Word for word, restate the data that follows, omitting the images.

Records drawn from a dataset
______________________________
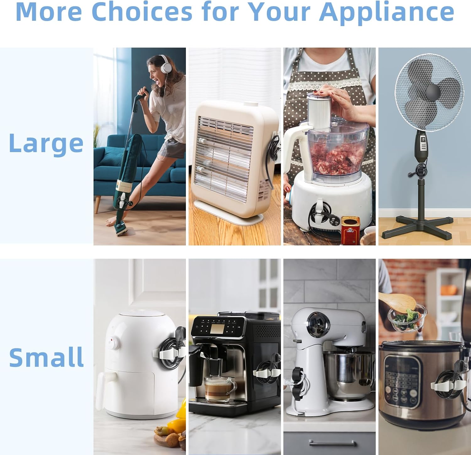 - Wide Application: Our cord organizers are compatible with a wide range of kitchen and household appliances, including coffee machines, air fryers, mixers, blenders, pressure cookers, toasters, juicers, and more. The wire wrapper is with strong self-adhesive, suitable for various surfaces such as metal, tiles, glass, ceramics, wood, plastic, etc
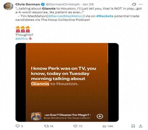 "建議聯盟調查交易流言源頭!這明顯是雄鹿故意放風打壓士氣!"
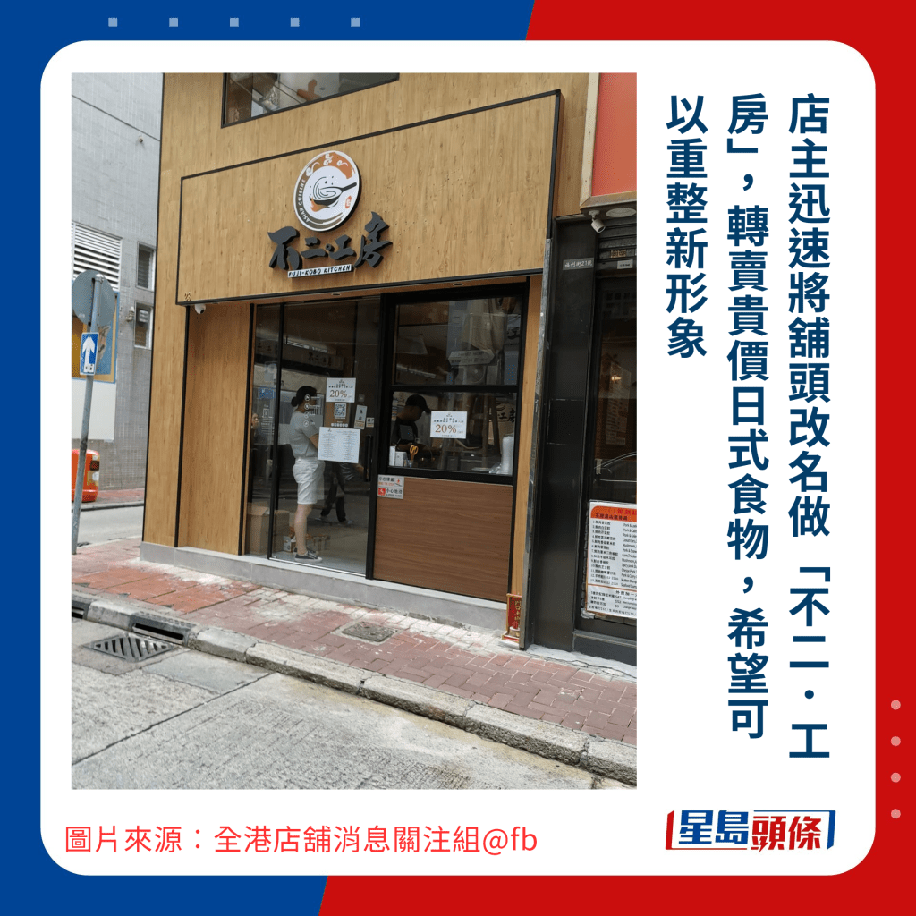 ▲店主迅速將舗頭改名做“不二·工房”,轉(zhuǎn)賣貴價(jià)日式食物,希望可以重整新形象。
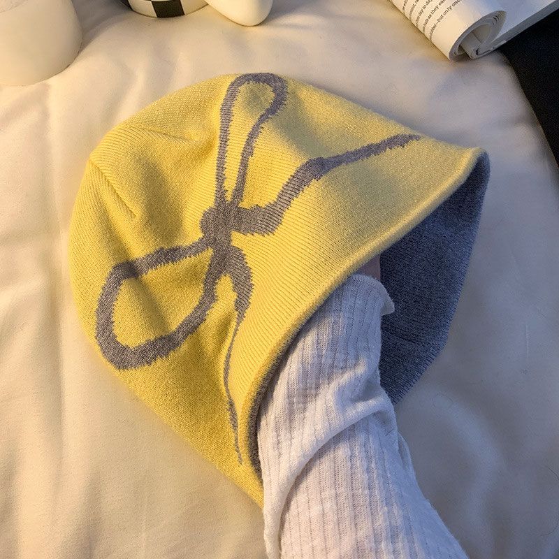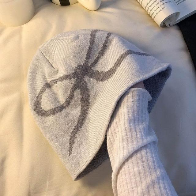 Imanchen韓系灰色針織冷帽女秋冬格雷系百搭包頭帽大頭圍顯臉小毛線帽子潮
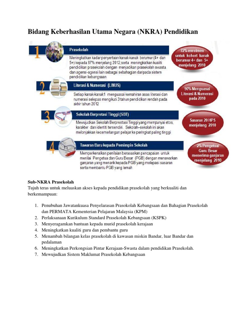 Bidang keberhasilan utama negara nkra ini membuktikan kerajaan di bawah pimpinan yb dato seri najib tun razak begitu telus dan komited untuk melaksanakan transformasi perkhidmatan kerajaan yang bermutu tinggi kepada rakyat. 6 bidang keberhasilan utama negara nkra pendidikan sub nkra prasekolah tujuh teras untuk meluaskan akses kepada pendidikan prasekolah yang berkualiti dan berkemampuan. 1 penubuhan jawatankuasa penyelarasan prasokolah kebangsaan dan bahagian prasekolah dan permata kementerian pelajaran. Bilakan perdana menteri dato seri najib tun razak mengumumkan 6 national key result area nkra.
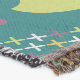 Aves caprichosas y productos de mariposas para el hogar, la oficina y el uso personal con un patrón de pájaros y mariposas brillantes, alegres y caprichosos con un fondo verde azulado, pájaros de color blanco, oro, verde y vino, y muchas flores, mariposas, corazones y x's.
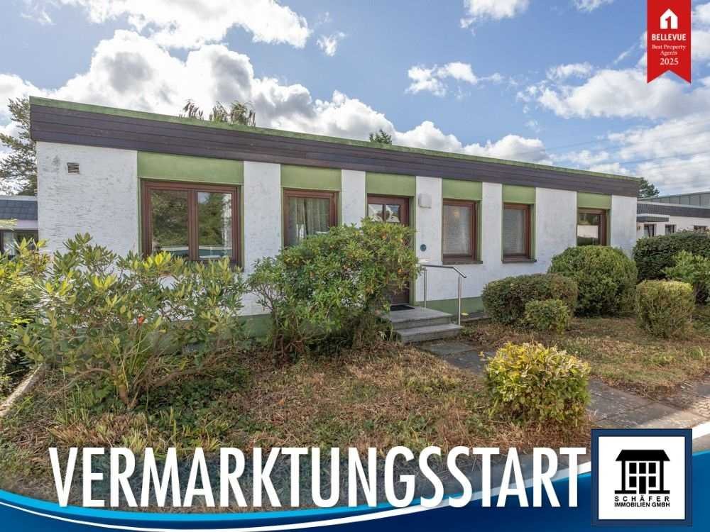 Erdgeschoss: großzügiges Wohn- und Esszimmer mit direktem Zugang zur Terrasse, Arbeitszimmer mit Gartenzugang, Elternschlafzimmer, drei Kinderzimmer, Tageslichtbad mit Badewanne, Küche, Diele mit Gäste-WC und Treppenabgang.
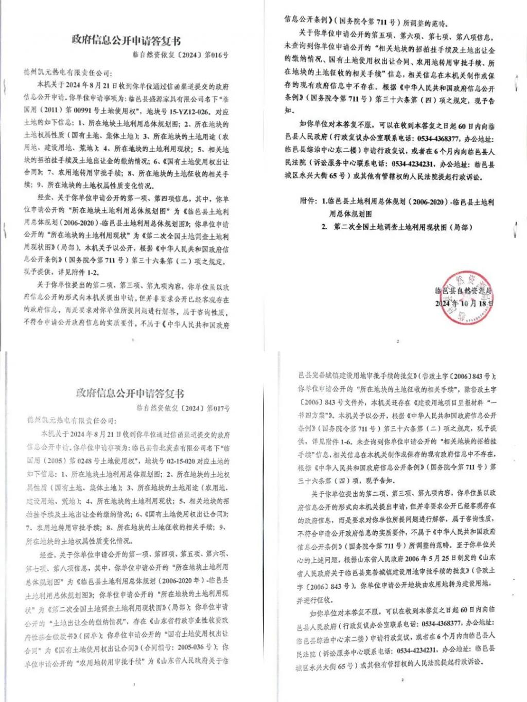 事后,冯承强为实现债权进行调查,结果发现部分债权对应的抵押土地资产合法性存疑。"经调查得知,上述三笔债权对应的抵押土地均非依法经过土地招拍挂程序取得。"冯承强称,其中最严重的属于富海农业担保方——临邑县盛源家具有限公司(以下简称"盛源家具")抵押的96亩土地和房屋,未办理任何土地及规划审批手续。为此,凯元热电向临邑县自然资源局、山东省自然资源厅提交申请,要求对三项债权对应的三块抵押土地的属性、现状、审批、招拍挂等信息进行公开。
______________________________
Exercise response:
 - Wide Application: Our cord organizers are compatible with a wide range of kitchen and household appliances, including coffee machines, air fryers, mixers, blenders, pressure cookers, toasters, juicers, and more. The wire wrapper is with strong self-adhesive, suitable for various surfaces such as metal, tiles, glass, ceramics, wood, plastic, etc
 "建議聯盟調查交易流言源頭!這明顯是雄鹿故意放風打壓士氣!"
 ▲店主迅速將舗頭改名做“不二·工房”,轉(zhuǎn)賣貴價(jià)日式食物,希望可以重整新形象。
 Imanchen韓系灰色針織冷帽女秋冬格雷系百搭包頭帽大頭圍顯臉小毛線帽子潮
 Bidang keberhasilan utama negara nkra ini membuktikan kerajaan di bawah pimpinan yb dato seri najib tun razak begitu telus dan komited untuk melaksanakan transformasi perkhidmatan kerajaan yang bermutu tinggi kepada rakyat. 6 bidang keberhasilan utama negara nkra pendidikan sub nkra prasekolah tujuh teras untuk meluaskan akses kepada pendidikan prasekolah yang berkualiti dan berkemampuan. 1 penubuhan jawatankuasa penyelarasan prasokolah kebangsaan dan bahagian prasekolah dan permata kementerian pelajaran. Bilakan perdana menteri dato seri najib tun razak mengumumkan 6 national key result area nkra.
 Aves caprichosas y productos de mariposas para el hogar, la oficina y el uso personal con un patrón de pájaros y mariposas brillantes, alegres y caprichosos con un fondo verde azulado, pájaros de color blanco, oro, verde y vino, y muchas flores, mariposas, corazones y x's.
 Erdgeschoss: großzügiges Wohn- und Esszimmer mit direktem Zugang zur Terrasse, Arbeitszimmer mit Gartenzugang, Elternschlafzimmer, drei Kinderzimmer, Tageslichtbad mit Badewanne, Küche, Diele mit Gäste-WC und Treppenabgang.
 事后,冯承强为实现债权进行调查,结果发现部分债权对应的抵押土地资产合法性存疑。"经调查得知,上述三笔债权对应的抵押土地均非依法经过土地招拍挂程序取得。"冯承强称,其中最严重的属于富海农业担保方——临邑县盛源家具有限公司(以下简称"盛源家具")抵押的96亩土地和房屋,未办理任何土地及规划审批手续。为此,凯元热电向临邑县自然资源局、山东省自然资源厅提交申请,要求对三项债权对应的三块抵押土地的属性、现状、审批、招拍挂等信息进行公开。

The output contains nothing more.